BEGIN

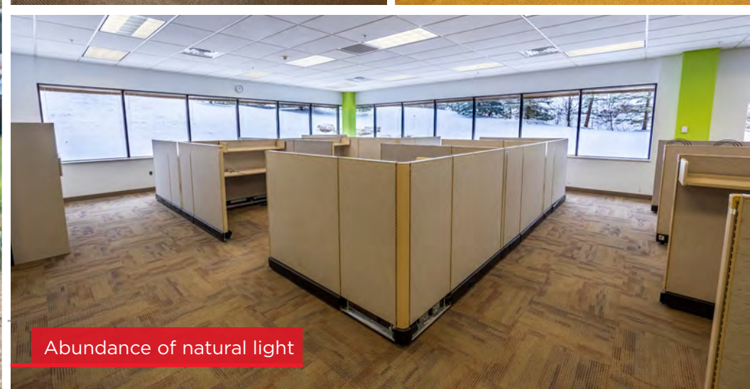
Abundance of natural light
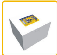
White Box with Label
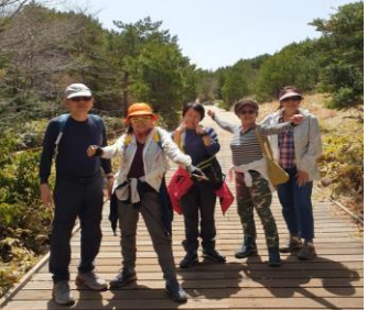
Mt Hallasan Eorimok trail
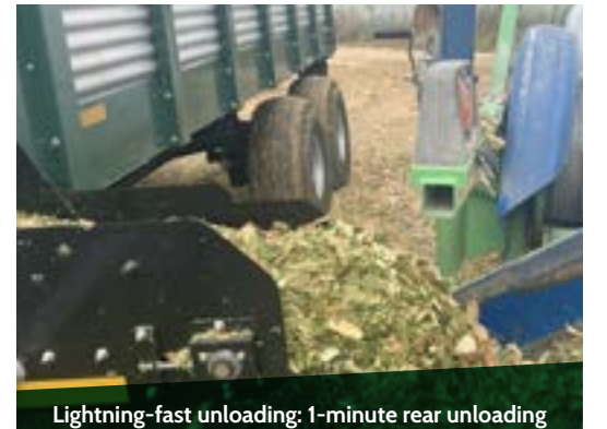
and 4-minute front unloading.
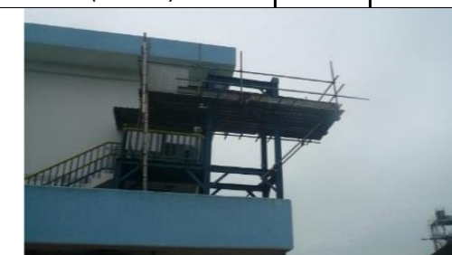
SCAFFOLDING WORK - Scaffolding Hanging Suspension Type at Lotte Chemicals Titan (M) Sdn Bhd
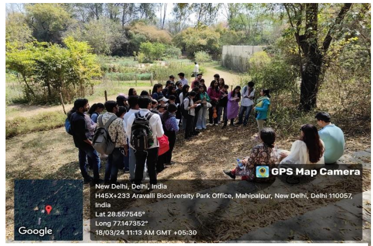
Pic 4. Ma'am explaining the students about the importance of the butterfly conservatory in the park
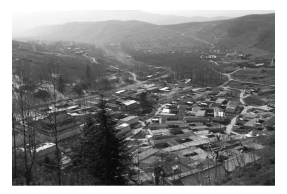
Rgulang Monastery (2010).

Beyond marriage, a second significant venue of plurilingualism was the monastery. This context primarily involved males and, for the most part, did not involve alternating languages according to different stages in the life cycle.<sup>5</sup> Mongghul participation in formal institutions of Tibetan Buddhism was significant. Rgulang Monastery was a large and politically significant institution at the heart of the Seven Valleys and, at its peak, probably housed around 2,000 monks, mostly from the Seven Valleys (Sullivan 2013, 2015).
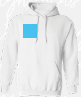
RIGHT CHEST MAX AREA: 5" x 5"
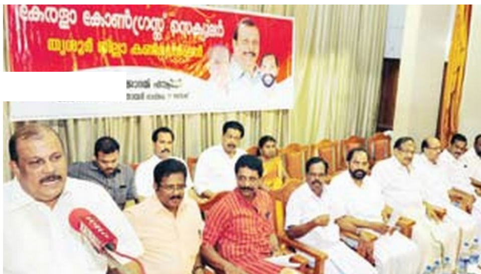
P C George addressing the gathering during the Kerala Congress (Secular) meet in Thrissur on Sunday.

KOCHI: Kerala Congress (Secular) leader P C George announced his decision to hold a one-day fast at the Rubber Board headquarters in Kottayam on December 28, in protest against the anti-farmer policies of the State Government and the Centre.
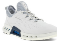
130404 - 57876 WHITE/CONCRETE Cow Leather DW09

ECCO Performance Leather from our own tanneries is combined with a new, super-stretchy mesh sock
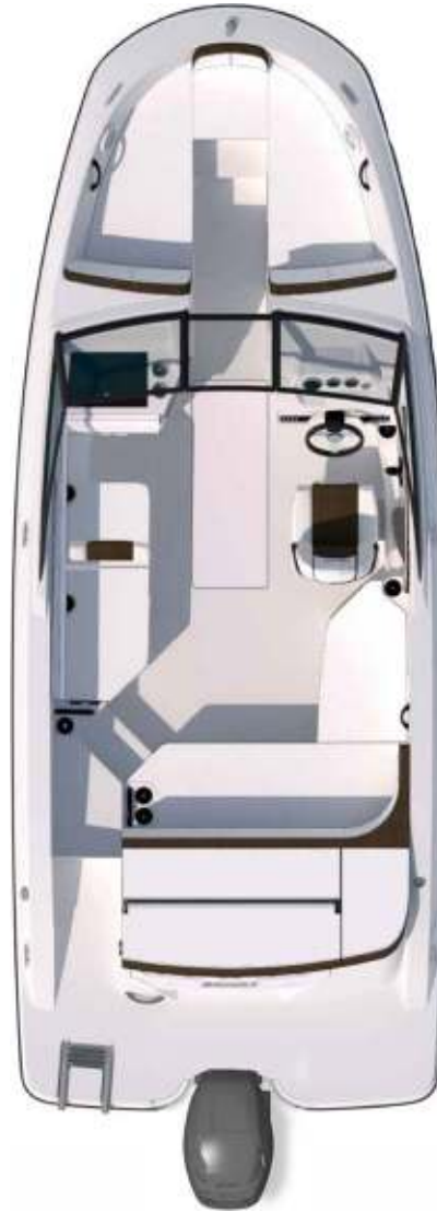
OPTIONAL PORT LOUNGER with convertible backrest
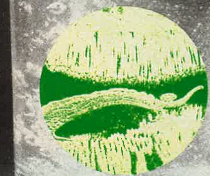
A SINGLE-CELL PARASITE FOUND IN TAP WATER (MAGNIFIED 2,400 TIMES)
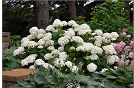
Annabelle Hydrangea in bloom
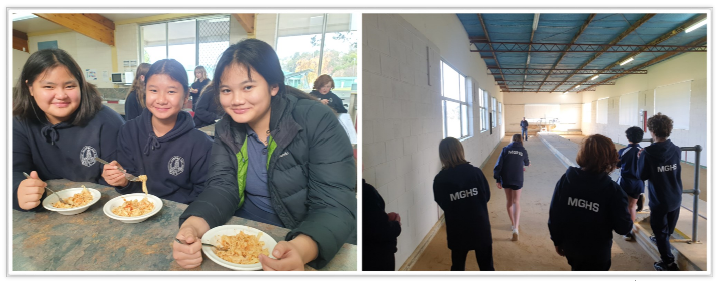
Mount Gambier High School | Page 3
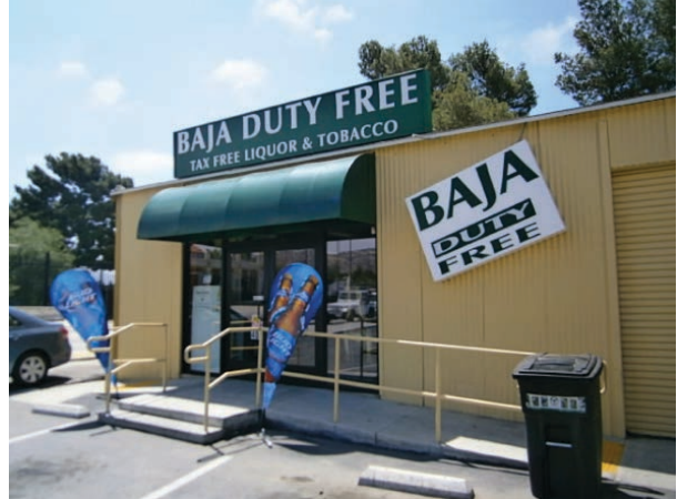
We will meet in front of the Baja Duty Free at the strip mall.
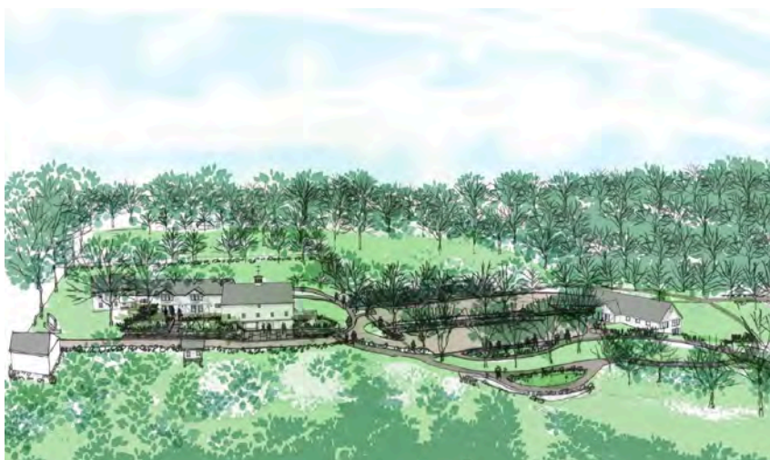
Maple Hill Farm

END

▶ _Aim of the task_:
Copy nothing but the lines from the one containing "We will meet" through the last line of the listing above, transcribed exactly and with no pictures.

▶ _Result of the exercise_:
We will meet in front of the Baja Duty Free at the strip mall.
Maple Hill Farm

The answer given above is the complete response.